Opposing the cloud -- How to build a truly distributed personal computing system

Time has come to learn how to use more than one computer at once.
What was once the PC is now the network.  Main stream approach is to
move everything into the cloud and put only somewhat smart terminals
in the hands of consumers.  This, I don't like.

This log reports on an attempt to understand the problem, and to build
some effective automation.


Entry: The Unit Machine
Date: Sun Aug 14 12:11:58 EDT 2016

- Platform

Limited to Debian Linux, ideally synchronized to run the same versions
on all hosts to reduce complexity.  This can be relaxed when
interfaces allow it and it is needed for other reasons, e.g. to use
OpenWRT or uC RTOS, or mix Debian stable and testing/experimental for
security and stability reasons.


- Access control / attack surface

The system is split into an inside and an outside.  The idea is that
if one internal node is compromised, all nodes will be compromised.
Local users are trusted.

The external internet attack surface consists of SSH with pubkey
authentication.  This is unlikely to be a problem.

Takeover is most likely to happen through trojan or malicious external
web services, followed by local privilege escalation.  The risk for
this seems acceptable, and similar to single-host operation.

Node interconnect is done over OpenVPN with shared keys.  This allows
to distinguish between possibly malicious IoT devices and the unit
machine.

Where access is made to the outside world, care is taken to use "dumb"
protocols, client-originated requests, and high level language
protocol parsers.


- Trusted internal network

The internal network inside the OpenVPN space has relaxed constraints,
and uses NFS for file sharing, Erlang distribution protocol for
connecting host control software, and pubkey ssh access for remote
command execution.

Internal protocols still have security mechanisms that protect against
bugs and unsophisticated malicious users that can not perform a
service takeover followed by a local escalation attack.


Basically, I spent a lot of time being paranoid and trying to
understand the trust structure but the main point is that this seems
reasonable to the point of not needing more attention.


Entry: Data and Computation
Date: Sun Aug 14 12:47:53 EDT 2016

To make a distributed network behave as a normal PC - which is a lot
of what this is about - means to figure out where to put any of these
3 components:

- data access (e.g. storage, peripheral)
- computation
- user interface

The pattern I've found is that often the user interface and the data
or I/O are on different hosts, and the main question is where to run
the computation.

Some "forces:
- high data bw. pulls computation
- high I/O bw. pulls computation

Basicaly there is only one pattern: data pulls data.

The main problem is a routing problem: how to connect input to
computation to output in a way that the computation is pushed more
towards being CPU bound than data bound.


To make this practical, two mechanisms can be used:
- Make everything routable / network accessible (e.g.

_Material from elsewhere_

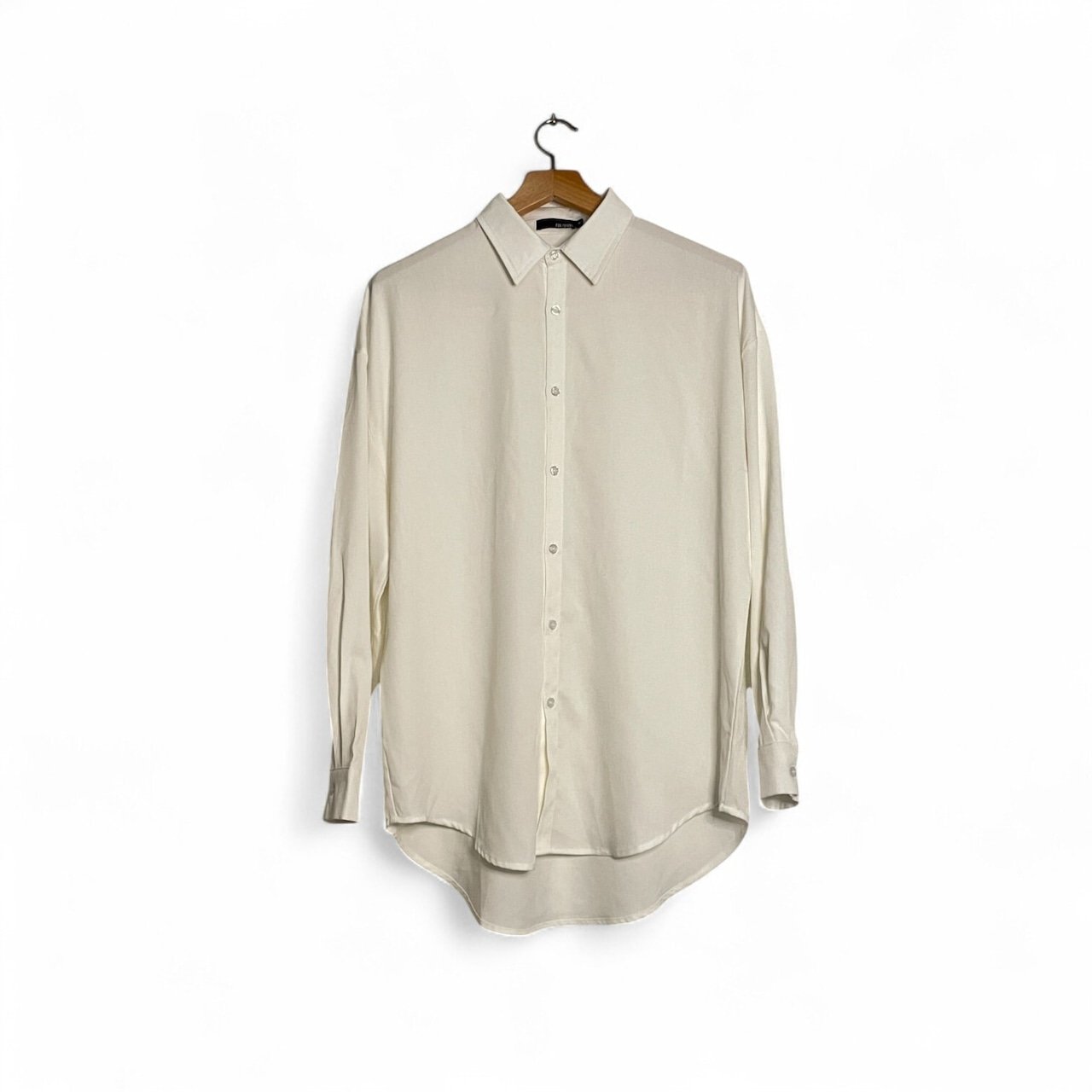 ゆったりとしたシルエットが特徴の長袖シャツです。

NFS)
- Make computation movable

The former is straightforward.
The latter is where the real problem lies.


Entry: Make computation movable
Date: Sun Aug 14 12:55:08 EDT 2016

This is in essense about commutation diagrams that relate computations
and data transports.

Examples:

User edits and compiles software over a slow network.

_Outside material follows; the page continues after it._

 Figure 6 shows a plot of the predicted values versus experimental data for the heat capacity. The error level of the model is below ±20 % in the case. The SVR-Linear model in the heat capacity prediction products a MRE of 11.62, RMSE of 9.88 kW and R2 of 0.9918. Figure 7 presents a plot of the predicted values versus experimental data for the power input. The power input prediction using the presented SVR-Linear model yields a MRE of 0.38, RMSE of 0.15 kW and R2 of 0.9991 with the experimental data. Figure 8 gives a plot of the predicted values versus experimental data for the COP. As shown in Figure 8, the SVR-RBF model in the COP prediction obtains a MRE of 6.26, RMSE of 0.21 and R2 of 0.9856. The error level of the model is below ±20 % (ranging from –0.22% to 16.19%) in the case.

user terminal is attached to host A
user's data (source tree) is stored on host B

Connection between A and B is slow.


The chain:
display terminal - editor - compiler - data

Editor (emacs) and compiler can be run:

Edit Compile  limiting resource
--------------------------------------------------- 
A    A        bandwidth over NFS during compilation
A    B        bandwidth over NFS/SSH during editing
B    B        latency between terminal and editor


So this is a chain of two "computations" that both can be moved
to/from hosts, linked by "communications".

The optimal point seems to be A,B: reduce latency to make edits
frustration-free, but move the compilation step close to the data to
make it CPU-bound.


The point I want to make is that it should be possible to arbitrarily
move computations around to optimize the resource use.  For this to
work the code needs to be the same on all hosts, which is manageable.
The problme is to set up the data transports in such a way that all
the possible routes are actually possibe.

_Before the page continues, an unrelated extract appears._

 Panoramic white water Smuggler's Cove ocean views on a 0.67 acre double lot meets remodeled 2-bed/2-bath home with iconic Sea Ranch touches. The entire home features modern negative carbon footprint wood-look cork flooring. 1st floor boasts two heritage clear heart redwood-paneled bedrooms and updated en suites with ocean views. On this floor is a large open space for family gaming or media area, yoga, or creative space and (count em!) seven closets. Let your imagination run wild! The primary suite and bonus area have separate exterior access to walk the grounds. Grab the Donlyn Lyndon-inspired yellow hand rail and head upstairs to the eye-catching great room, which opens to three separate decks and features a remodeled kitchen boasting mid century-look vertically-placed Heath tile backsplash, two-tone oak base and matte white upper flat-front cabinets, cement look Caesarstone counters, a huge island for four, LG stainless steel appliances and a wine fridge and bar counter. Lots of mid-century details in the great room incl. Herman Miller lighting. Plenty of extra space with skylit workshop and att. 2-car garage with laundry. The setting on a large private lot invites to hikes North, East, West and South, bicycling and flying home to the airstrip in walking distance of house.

That turns out the be the sticky point.  Data transport is too
heterogenous.

In this case there are a couple of options for the 3 pipes in the
chain:

   terminal  edit I/O  compile I/O
   -------------------------------
AA local     local     NFS
AB local     NFS/SSH   local
BB SSH       local     local


Optimality is defined differently for these 3 pipes:

terminal:    latency
edit I/O:    latency/troughput
compile I/O: troughput

Also, to set up that commutation automatically or even to switch
between them as you go is not a simple task!

I.e. I would like to be able to switch from AA to BB at a point where
it makes sense to do so if my edit and comple phases are separated in
time.


Basically I already do this in a very ad hoc way, but it is done
manually.  A missing step e.g is to sync data using git from one host
to another.

How to automate it?

Baby steps.

- Make sure all hosts run the same software.  Currently managed
  manually but could be automated using chef/puppet.

- Extend command line to be "smart" about where to execute
  disk-intensive commands if the current directory is an NFS store.

- Automate "focus" of caches, where other stores keep track of main
  store such that spits are possible (e.g. detach laptop to work
  isolated from the system).


Basically: I want a distributed system, not a "cloud" system.


Entry: Smart remote commands
Date: Sun Aug 14 13:19:58 EDT 2016

See pool/bin/smart-remote

Execute disk-intensive make,git,darcs,... commands remotely if current
directory is an NFS share.


Entry: The Swarm
Date: Sat Mar 25 11:54:18 EDT 2017

This all just happened, but let's storify:

Why did I decide to use so many computers at once?
To learn about distributed computing.
Looking at the future, it is inevitable to live in such a world.

Current I have 12 fairly tightly coupled machines.  They all run
Debian, and share the /home/tom and /etc/net code repositories.  These
make up an "inner" network.

They all have some kind of real-world constraint that requires them to
be a separate hardware node.  This is really about physical cable
lengths, and how to allow parts to be powered off.

There are other machines, but the are really just appliances.
E.g. all the openwrt, dd-wrt routers.  These just require security
patches, but are otherwise separated from the "inner" network.

The main lessons learned:
- unified namespaces
- commutation (essentially, how to pick a computation node?)
- fork/merge
- centralization as simplification (e.g DNS)
- refocus master (= distributed centralization)